I guess I knew that in a lot of ways, you were just lonely as me.
For the longest time, I watched you from where you presented yourself as withdrawn and introverted and it made me ache inside, as though I in some way could be the thing that would make you normal again.
I was drawn to your sadness in a big way, and after we got past the first year, I realised what I wanted in you, was more than anything you were willing to offer.
We worked, yet at the same time we didn’t. Two total opposites who couldn’t function without one another.

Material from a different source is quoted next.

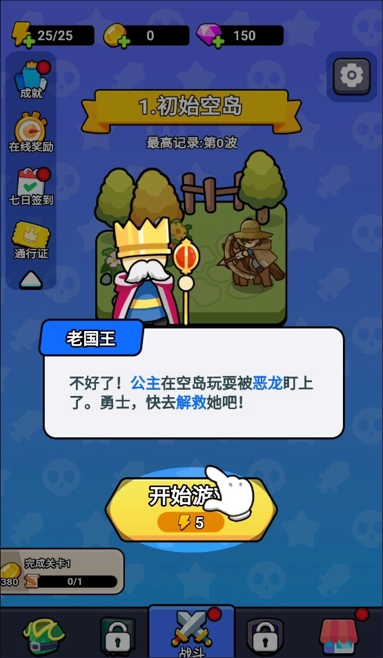 1、点击开始游戏,消耗体力。

At first it was fun. It was exciting and colourful and extravagant and everything about you made me glow. But I was missing a huge and significant part of a relationship that I couldn’t seem to see past. You’d told me you didn’t want to give it to me, and I understood – what I wasn’t expecting was what came next. In a matter of slow, hopeless moments, you gave me the impression that you wanted me, too.

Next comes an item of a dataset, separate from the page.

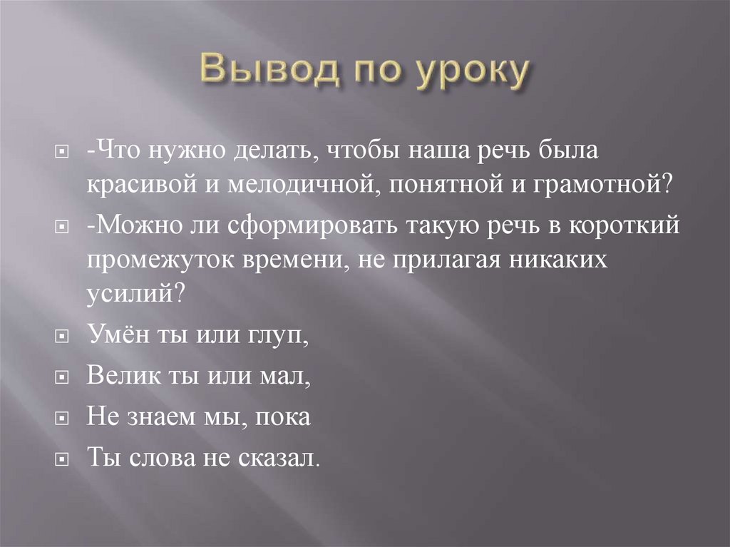 -Что нужно делать, чтобы наша речь былакрасивой и мелодичной, понятной и грамотной?

Every time you stared at me a little too long, or held me in the freezing cold and pressed your lips against my head. Every time you crawled into bed with me and drew breath against my neck, or pushed yourself against me and told me I was all you needed. You made me believe that there was something there that I had held out for forever.

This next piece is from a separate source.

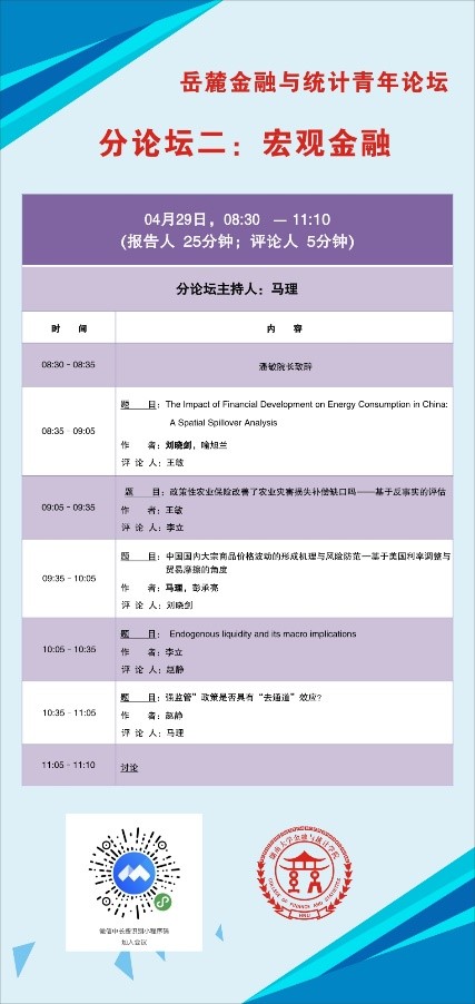 分论坛二由马理教授主持,首先是刘晓剑助理教授汇报《金融发展对中国能源消费的影响:空间溢出分析》,文章基于空间计量模型,以中国2005-2017年30个省的相关数据为样本,从间接融资、直接融资和金融开放三个角度研究了金融发展对能源消费的影响。王敏助理教授汇报《政策性农业保险改善了农业灾害损失补偿缺口吗?——基于反事实的评估》,研究发现,实验组五省(区)在2004-2006年间,政府未干预农业保险下农村自然灾害补偿缺口与政府干预农业保险后农村自然灾害补偿存在的缺口的差值大部分为正值,说明农业保险政策效应明显与中央财政补贴力度有关,实行政策性农业保险对缩小农业灾害损失补偿缺口的有积极显著影响。马理教授汇报了《中国国内大宗商品价格波动的形成机理与风险防范——基于美国利率调整与贸易摩擦的视角》,他构建理论模型分析了中国国内大宗商品价格波动的形成机理,检验了美国利率调整与贸易摩擦对于中国国内大宗商品价格的影响,并使用套期保值的技术方法防范中国国内大宗商品价格的波动风险。得出三点结论并提出相应的政策建议。李立助理教授汇报了《Endogenous liquidity and its macro implications》,他研究了金融市场中的内生的流动性和脆弱性及其宏观影响。主要包括金融市场上证券的流动性的内在决定因素和由于证券的内生流动性造成的宏观脆弱性。赵静助理教授汇报了《“强监管”政策是否具有“去通道”效应?》她将银行、信托、证券和保险公司纳入统一的框架,把CoVaR与LASSO相结合,构建我国金融机构间的联系网络,分析“强监管”政策对银行风险网络关联度的影响和作用机制。

You made me think I wasn’t insane, by the way your hands moved over me and touched me and explored places I had held aside for somebody I adored.
You told me things that nobody knew, and I found myself holding them closer than anything else I’d ever been told.
You made me feel so full and happy and blindingly terrified, and I wanted you to be everything that I’d never had before.
But what you don’t know is that every time you told me I looked amazing, I stuck my fingers down my throat and tried to ensure I’d stay that way for you.
What you don’t know is that my dress size changed and my skin ached and my body was exhausted from trying to be something I thought you wanted.
What you don’t know is that you left me lonely and empty, and somehow forever feeling as though it was me who owed you an apology.
What you don’t know, is that when you told people the things that you’d done to me in the quiet of a barely-lit bedroom, I felt like it was my fault.
What you don’t know, is that every time you kissed me, touched me, looked at me with your lust-coated eyes, you lied to me. And what you don’t know is how I laid in the dark next to you while you slept, and sobbed over all the things you took from me, because I finally knew how little you cared. What you don’t know is that I was never cut out to be your plaything. And I don’t want to apologise for it anymore.